- _ACTIVITY_: Print each record exactly, with no word added or removed.

- _Collection entries_:

*** Block opens ***

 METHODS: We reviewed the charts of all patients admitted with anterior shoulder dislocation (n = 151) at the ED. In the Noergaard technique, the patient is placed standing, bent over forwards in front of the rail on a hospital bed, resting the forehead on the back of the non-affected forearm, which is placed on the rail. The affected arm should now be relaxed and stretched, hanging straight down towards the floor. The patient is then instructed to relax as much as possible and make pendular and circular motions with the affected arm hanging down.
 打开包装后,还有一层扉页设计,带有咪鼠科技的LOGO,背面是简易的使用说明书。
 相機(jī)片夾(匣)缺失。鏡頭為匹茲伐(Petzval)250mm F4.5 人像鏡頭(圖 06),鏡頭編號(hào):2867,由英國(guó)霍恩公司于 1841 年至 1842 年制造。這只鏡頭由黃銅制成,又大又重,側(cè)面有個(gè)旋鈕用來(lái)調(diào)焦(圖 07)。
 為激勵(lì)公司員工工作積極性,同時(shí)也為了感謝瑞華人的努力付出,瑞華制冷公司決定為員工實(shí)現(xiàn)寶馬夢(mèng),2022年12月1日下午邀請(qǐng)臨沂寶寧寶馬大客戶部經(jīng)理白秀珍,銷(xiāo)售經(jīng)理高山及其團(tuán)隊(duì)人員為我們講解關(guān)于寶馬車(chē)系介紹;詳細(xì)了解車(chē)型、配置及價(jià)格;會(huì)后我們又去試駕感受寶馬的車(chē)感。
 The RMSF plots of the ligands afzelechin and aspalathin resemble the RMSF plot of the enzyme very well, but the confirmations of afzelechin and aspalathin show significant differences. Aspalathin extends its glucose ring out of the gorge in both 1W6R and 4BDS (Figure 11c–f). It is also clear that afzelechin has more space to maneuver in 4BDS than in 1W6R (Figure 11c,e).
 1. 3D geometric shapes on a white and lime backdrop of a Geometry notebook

*** Block closes ***

- _WORKED SOLUTION_:
 METHODS: We reviewed the charts of all patients admitted with anterior shoulder dislocation (n = 151) at the ED. In the Noergaard technique, the patient is placed standing, bent over forwards in front of the rail on a hospital bed, resting the forehead on the back of the non-affected forearm, which is placed on the rail. The affected arm should now be relaxed and stretched, hanging straight down towards the floor. The patient is then instructed to relax as much as possible and make pendular and circular motions with the affected arm hanging down.
 打开包装后,还有一层扉页设计,带有咪鼠科技的LOGO,背面是简易的使用说明书。
 相機(jī)片夾(匣)缺失。鏡頭為匹茲伐(Petzval)250mm F4.5 人像鏡頭(圖 06),鏡頭編號(hào):2867,由英國(guó)霍恩公司于 1841 年至 1842 年制造。這只鏡頭由黃銅制成,又大又重,側(cè)面有個(gè)旋鈕用來(lái)調(diào)焦(圖 07)。
 為激勵(lì)公司員工工作積極性,同時(shí)也為了感謝瑞華人的努力付出,瑞華制冷公司決定為員工實(shí)現(xiàn)寶馬夢(mèng),2022年12月1日下午邀請(qǐng)臨沂寶寧寶馬大客戶部經(jīng)理白秀珍,銷(xiāo)售經(jīng)理高山及其團(tuán)隊(duì)人員為我們講解關(guān)于寶馬車(chē)系介紹;詳細(xì)了解車(chē)型、配置及價(jià)格;會(huì)后我們又去試駕感受寶馬的車(chē)感。
 The RMSF plots of the ligands afzelechin and aspalathin resemble the RMSF plot of the enzyme very well, but the confirmations of afzelechin and aspalathin show significant differences. Aspalathin extends its glucose ring out of the gorge in both 1W6R and 4BDS (Figure 11c–f). It is also clear that afzelechin has more space to maneuver in 4BDS than in 1W6R (Figure 11c,e).
 1. 3D geometric shapes on a white and lime backdrop of a Geometry notebook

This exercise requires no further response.